What are the responsibilities and job description for the Software Engineer in Test (SDET), AI Infrastructure position at SB Telecom America Corp.?
About Softbank: Softbank is making significant investments in infrastructure for AI. Softbank Corp. has recently established a new US center in Silicon Valley, focused on infrastructure software for AI and AI foundations for mobile networks. Our goals are to challenge the norms and create products making use of our SOTA infrastructure (like Nvidia GB200, MGX and DGX Grace & Hopper platforms) and cloud-native software. These products are geared towards centralized AI data centers as well as distributed AI Radio Access Network (AI RAN) data centers. We are looking for experienced practitioners who are inspired to bring innovation and build transformative products.
Minimum Qualifications:
- Bachelor's degree in Computer Science, Electrical Engineering, or related field.

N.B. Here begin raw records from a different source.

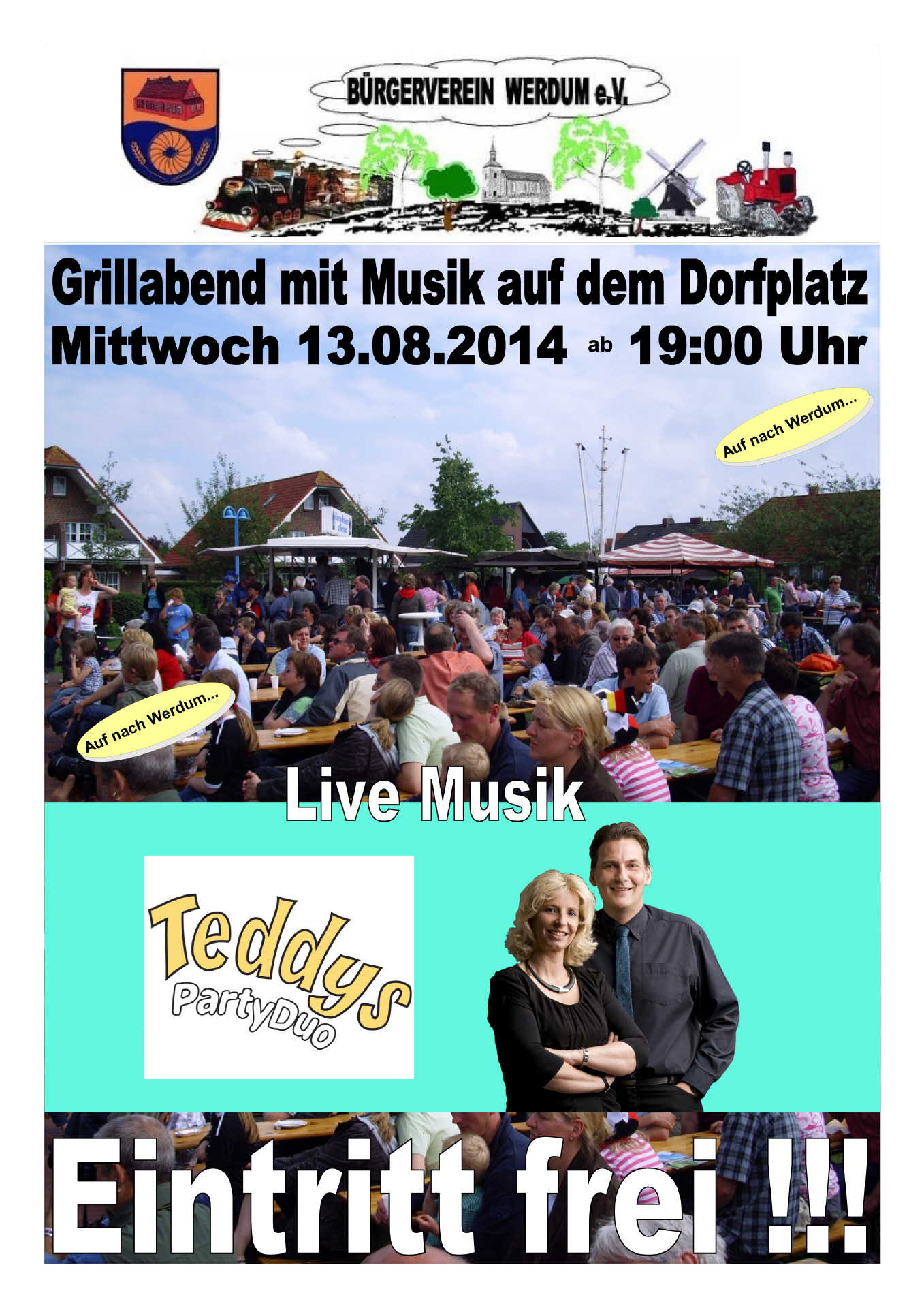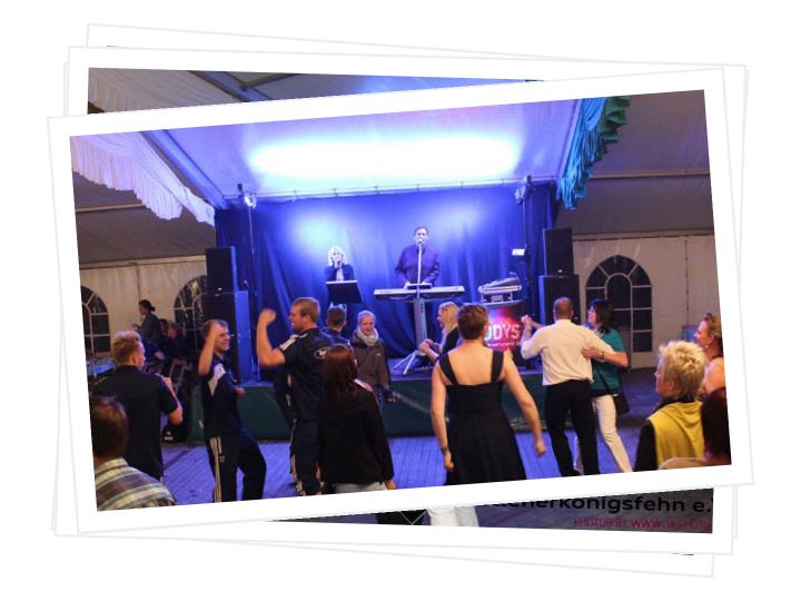 Der Donnerstagabend vor dem letzten Wochendende im Juli ist bei uns zu einem seit Jahren immer wieder gern gespielten Termin geworden: Ab 19.00 Uhr ist das Partyduo auf dem Weinfest in Norden zu sehen und zu hören. Es war dieses Mal, zumindest an diesem Abend, noch besser besucht als in den Vorjahren und die Stimmung war prächtig - trotz des ab 22.30 Uhr einsetzenden Regens hat sich kaum ein Gast auf den Heimweg gemacht, es wurde einfach im Regen gefeiert und mit Einbruch der Dunkelheit auf der Straße getanzt. Wir bedanken uns für die vielen positiven Reaktionen und Anfragen und das Interesse an unserer Musik.Wir kommen im nächsen Jahr gerne wieder und zwar am 24.07.2014 ab 19.00 Uhr.
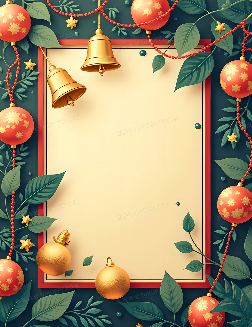 本作品内容为圣诞节喜庆铃铛彩球边框装饰背景, 格式为 jpg, 大小8 MB, 图片尺寸为2368 x 3072, 作品中背景图片无需修改, 源文件无水印,可以直接使用, 欢迎使用熊猫办公。 如认为平台内容涉嫌侵权,可通过邮件:tousu@tukuppt.com提出书面通知,我们将及时处理。
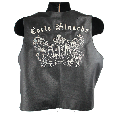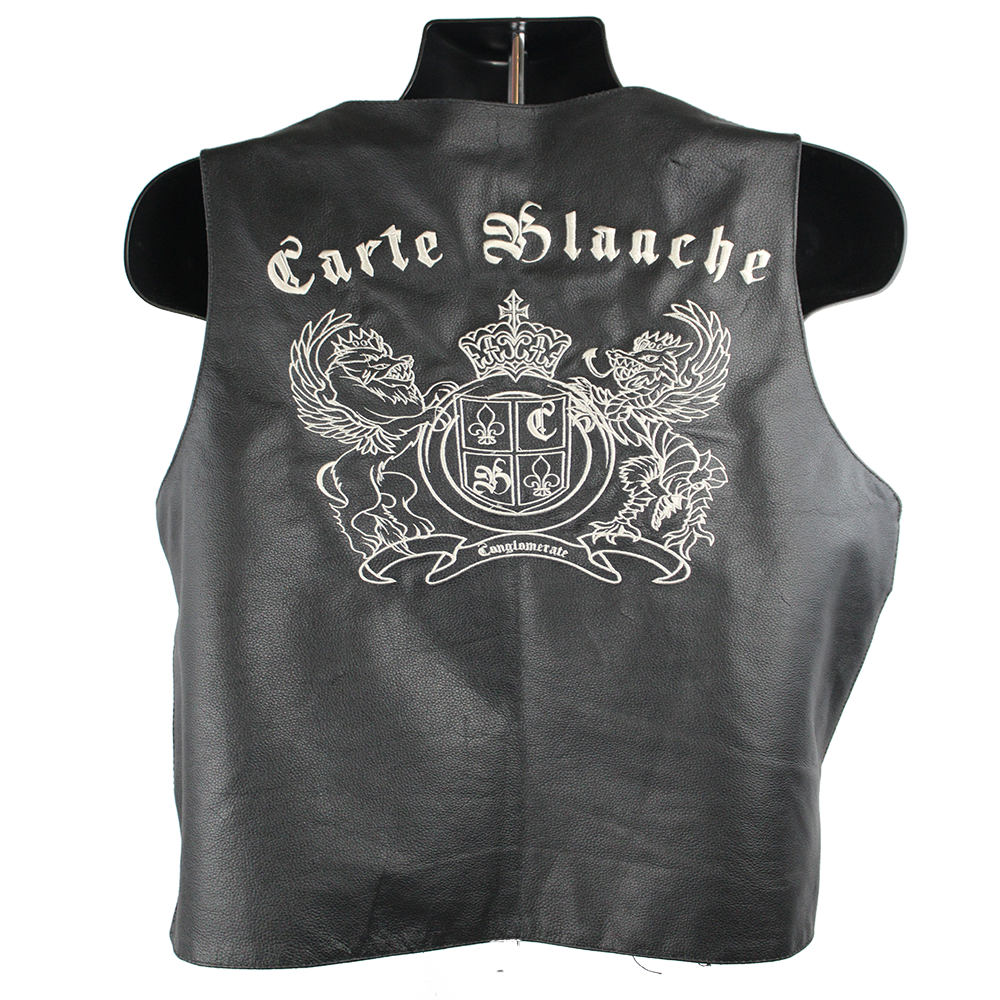 *Our all leather vest features a 20,000 stitch logo and name on front. it also includes a 180,000 stitch logo on back. Can be ordered in different colors .

- 3 years in software, hardware, engineering, including platforms and distributed systems.
- Experience working in systems & systems SW, Cloud and Kubernetes.
- Experience with production-testing and automation of Kubernetes deployments.
Preferred Qualifications:
- Master's or similar qualification in a relevant field.

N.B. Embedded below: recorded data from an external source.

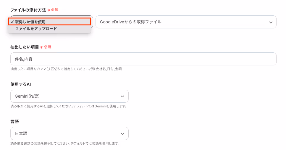 A:はい、可能です。「OCRで文字を抽出」の設定で、例えば名刺の「会社名」やレシートの「合計金額」などを、「抽出したい項目」に指定いただくと、画像から特定の項目だけを抜き出して通知できます。
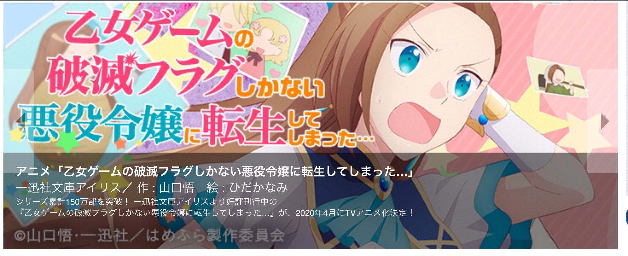 一迅社の宣伝課です בטוויטר 2020年 tvアニメ放送決定 シリーズ累計150万部突破 乙女ゲームの破滅フラグしかない悪役令嬢に転生してしまった 原作ノベル8巻 コミカライズ3巻 発売中 が遂にテレビアニメ放送決定です https t co my8otg4poo アニメ
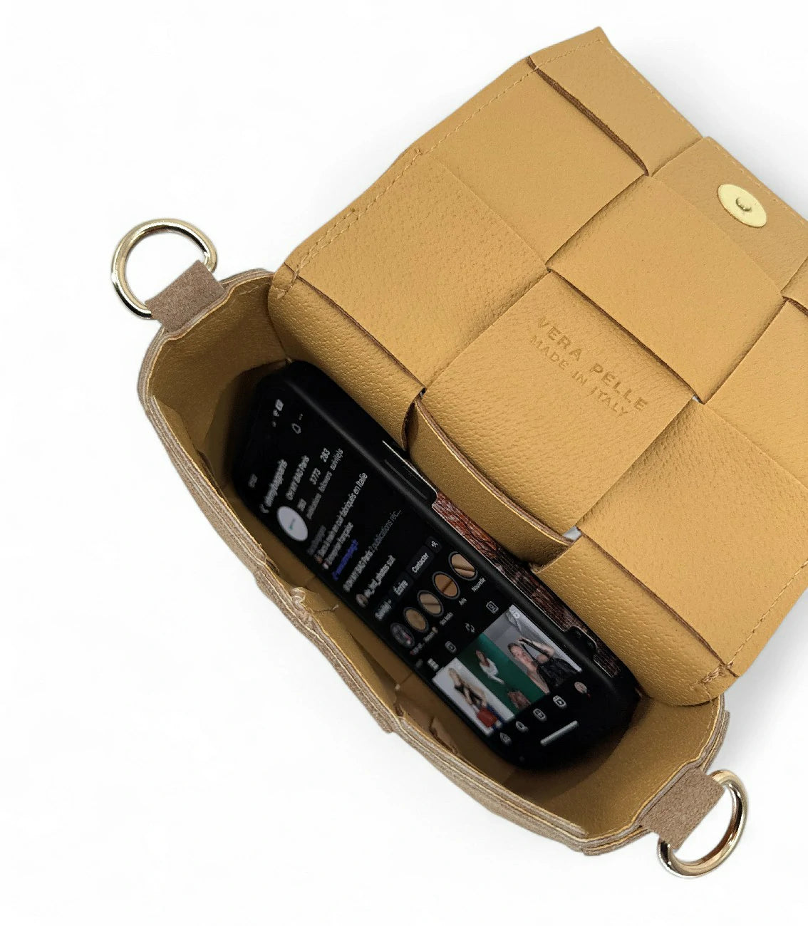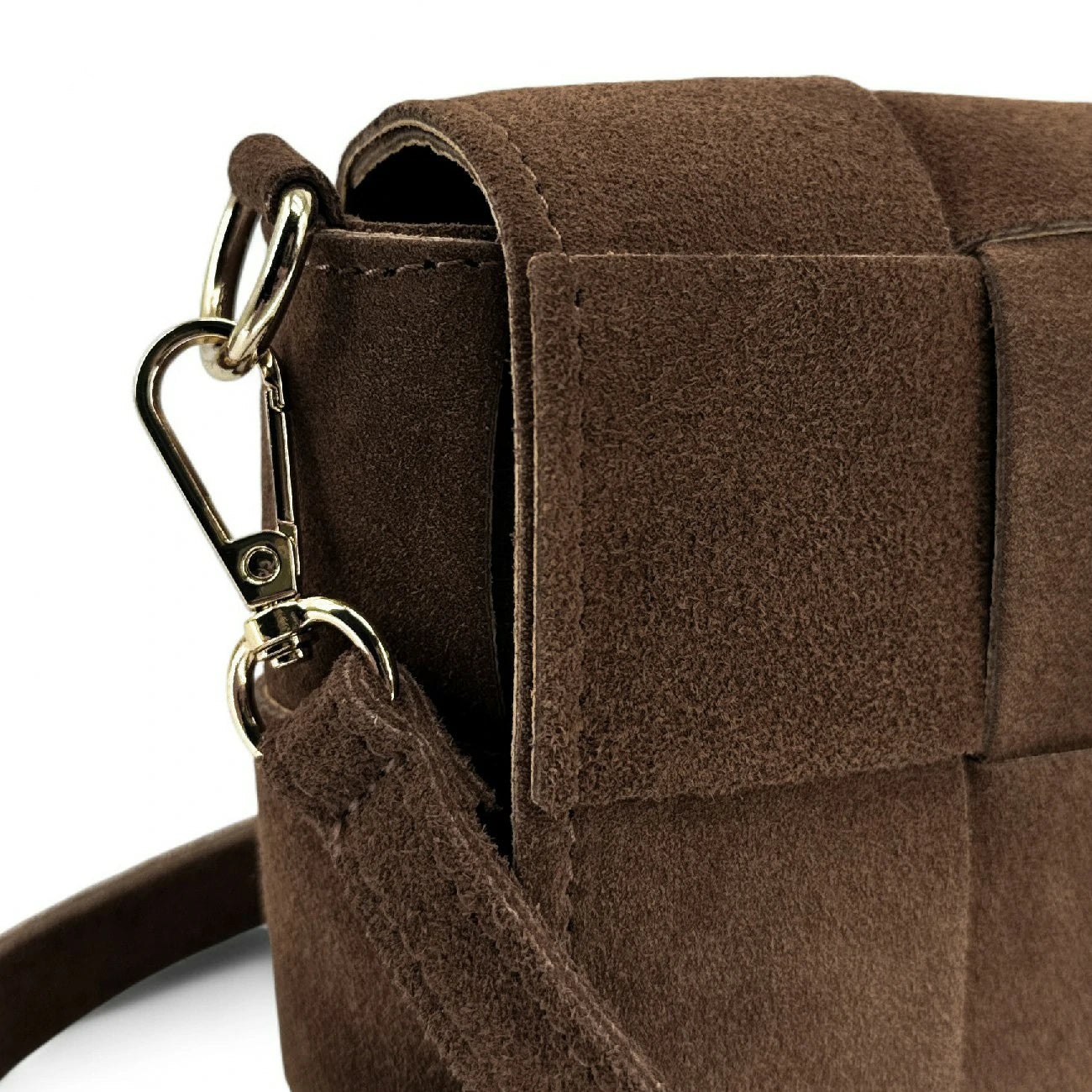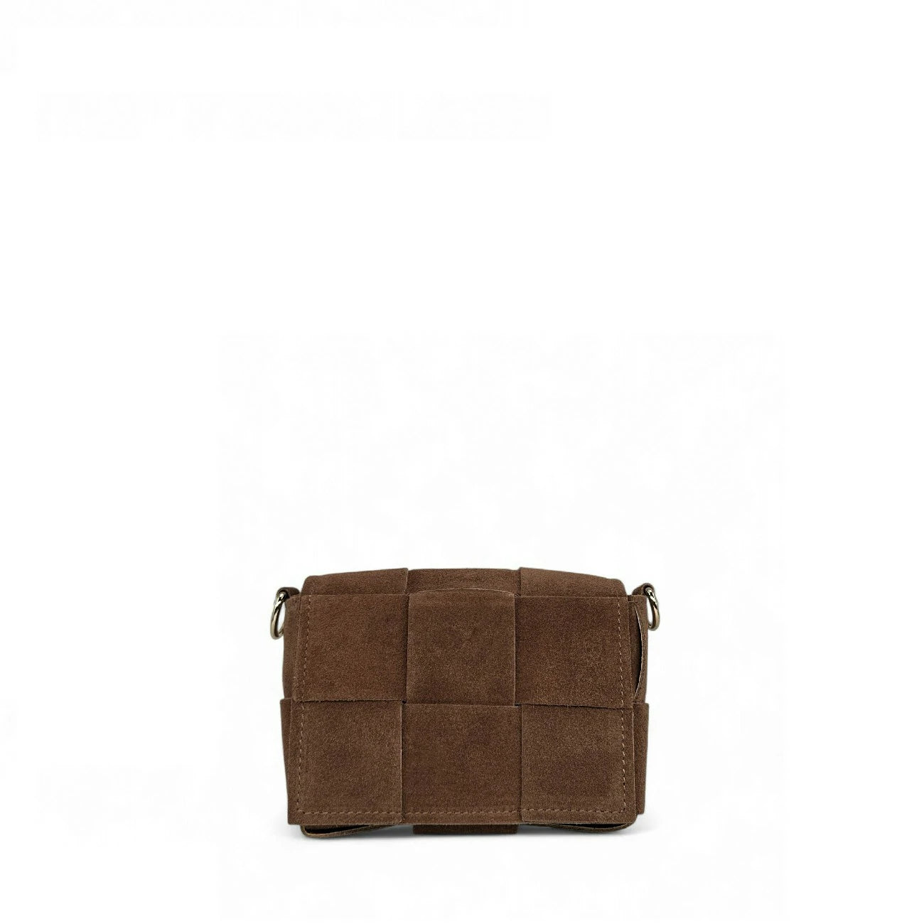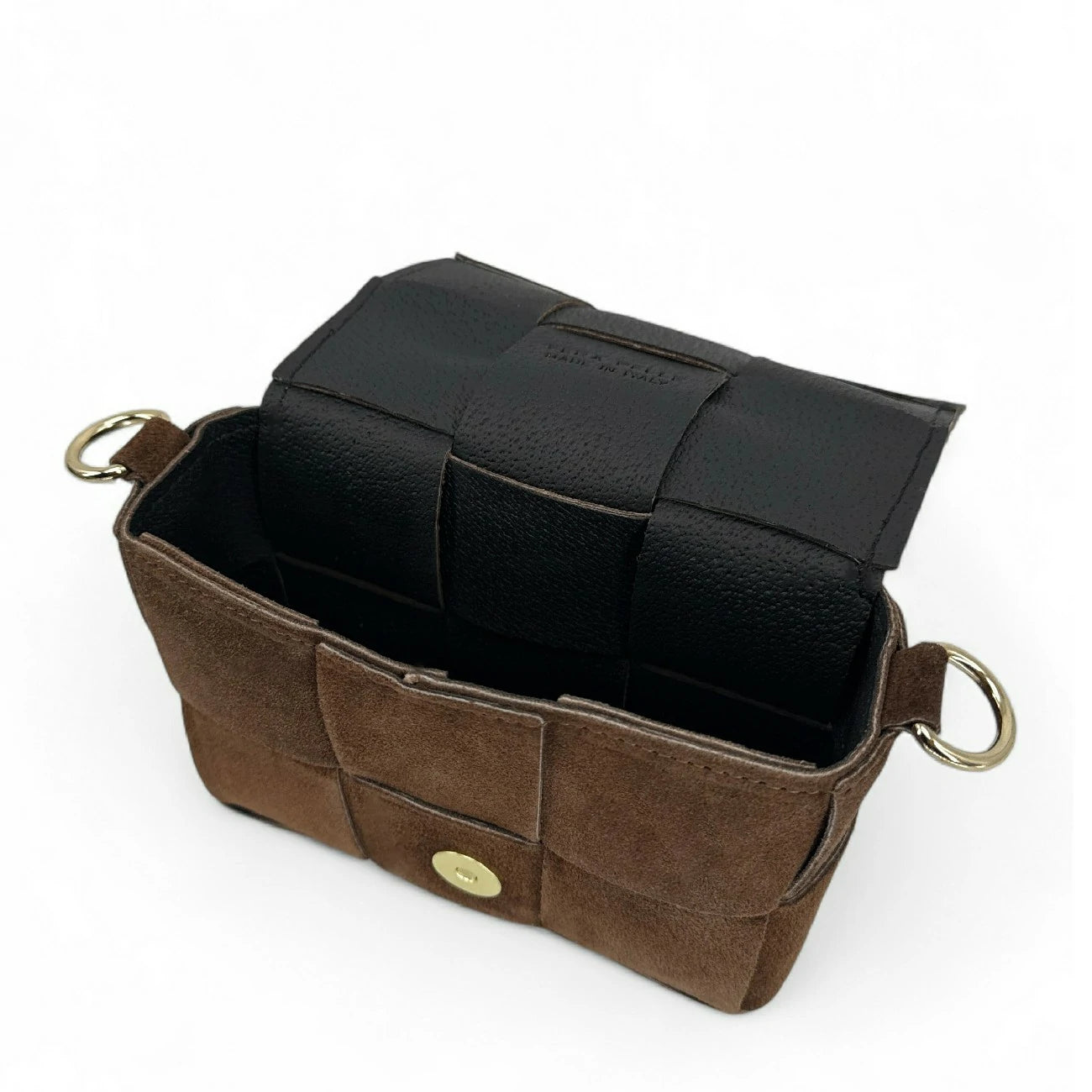 Sac pochette format micro en bandes de cuir nubuck tressées, fabriqué en Italie.

- Experience with scalable test and automation infrastructure to productionize workloads.
- Experience with GPU platforms (e.g., Nvidia DGX, H100) and high-performance computing environments.
- Experience triaging customer bugs, prioritizing, and resolving issues in production.
- Familiarity with AI developer frameworks, tools, and automation systems.
Role: Be a key member of the infrastructure team responsible for building foundational software on top of GPU systems supporting AI workloads (training, fine-tuning and serving). Contribute to developing the test-automation infrastructure for Kubernetes and GPU systems. Innovate end-end systems software testing and automation for productionization velocity. As a Software Engineer in Test (SDET), AI Infrastructure for test-automation, you will work with Staff Engineers, product management and program management to drive execution towards commercialization.
Responsibilities:
- Contribute to building test-automation infrastructure for Kubernetes on large-scale GPU clusters.
- Help develop detailed test plans for different milestones and operationalize them in test-automation infrastructure.
- Own and conduct end-end system, scale and stress testing.
- Working together with SW leads and Technical Program Manager, qualify the releases.
- Attract and help build downstream production engineering talent.
- Role model and foster a culture of humility and innovation for product delivery.
Salary: The base salary for this position ranges from ($120,000-$180,000), with additional attractive biannual bonus, benefits and opportunity to work with a great team in downtown Sunnyvale, CA.
Salary : $120,000 - $180,000